Da hört' er Geräuſch, wie von einer leicht von einem Felſen herunter ſpringenden Gazelle.
Er erſtarrt... Es iſt Melanie!
Freundlich und holdſelig, wie in Hohenberg, ruft ſie ihm von den letzten Stufen, von denen ſie ſich herabbeugte, zu:
Sie böſer, undankbarer Mann! Das Bild, das ich Ihnen mit ſo vieler Mühe erobert habe, ließen Sie ſich wieder rauben. Iſt Das wahr?

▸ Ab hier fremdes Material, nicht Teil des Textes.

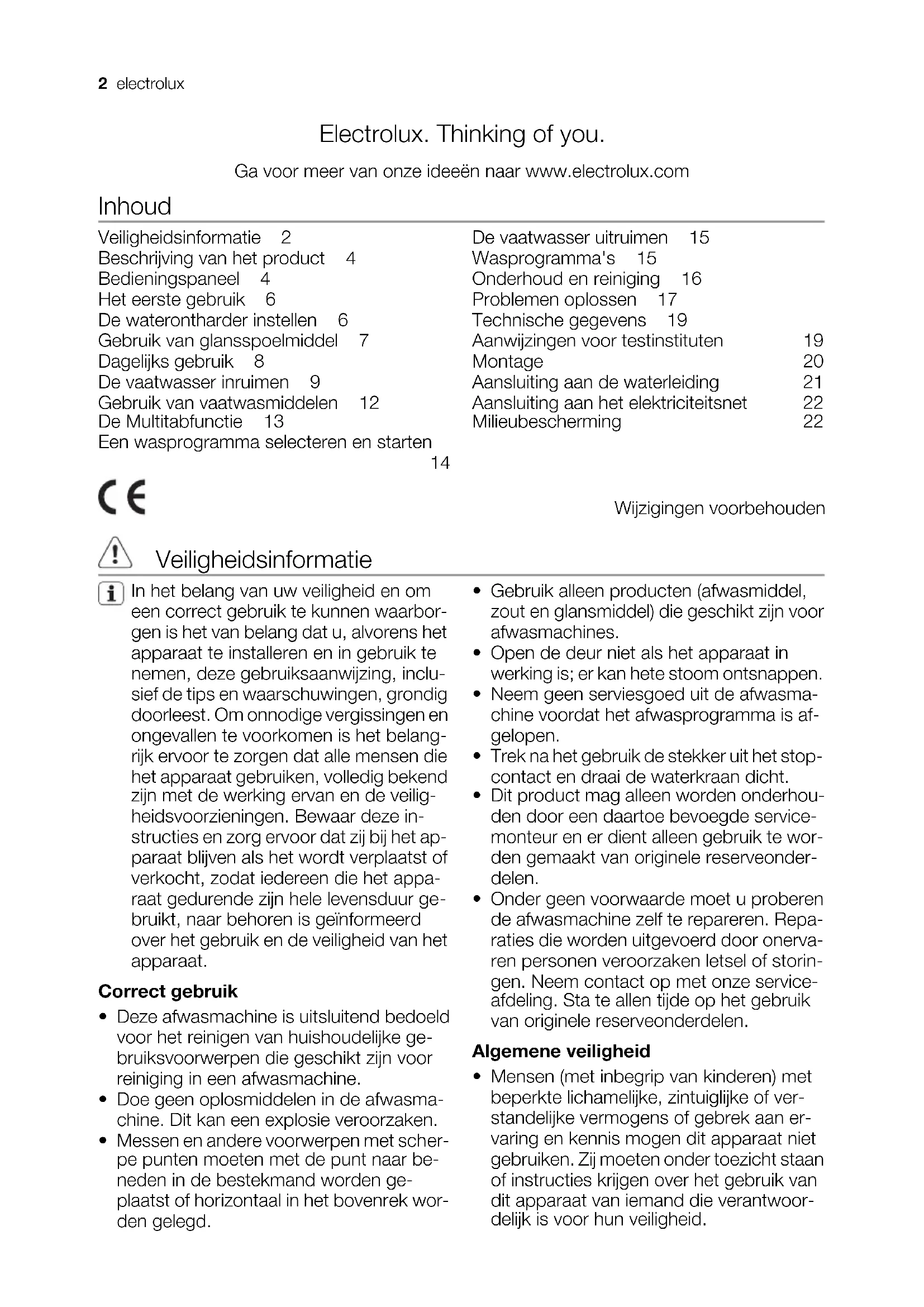 gebruiksaanwijzing notice d'utilisation benutzerinformation Afwasmachine Lave-vaisselle Geschirrspüler ESL 66022Electrolux. Thinking of you. Ga voor meer van onze ideeën naar www.electrolux.com Inhoud Veiligheidsinformatie 2 Beschrijving van het product 4 Bedieningspaneel 4 Het eerste gebruik 6 De waterontharder instellen 6 Gebruik van glansspoelmiddel 7 Dagelijks gebruik 8 De vaatwasser inruimen 9 Gebruik van vaatwasmiddelen 12 De Multitabfunctie 13 Een wasprogramma selecteren en starten

Melaniel ſagte Dankmar ſtammelnd und ſprachlos.
Hier, fuhr ſie fort, hier, was ich Ihnen jetzt bringe, halten Sie Das feſter. Gehört es nicht Ihnen?
Dankmar nahm, was ſie ihm darreichte...
Es waren, auf flüchtigen Blick ſah er's, diejenigen Papiere, auf die in ſeiner Angelegenheit Alles, Alles ankam, die einzigen wichtigen, die entſcheidenden Papiere!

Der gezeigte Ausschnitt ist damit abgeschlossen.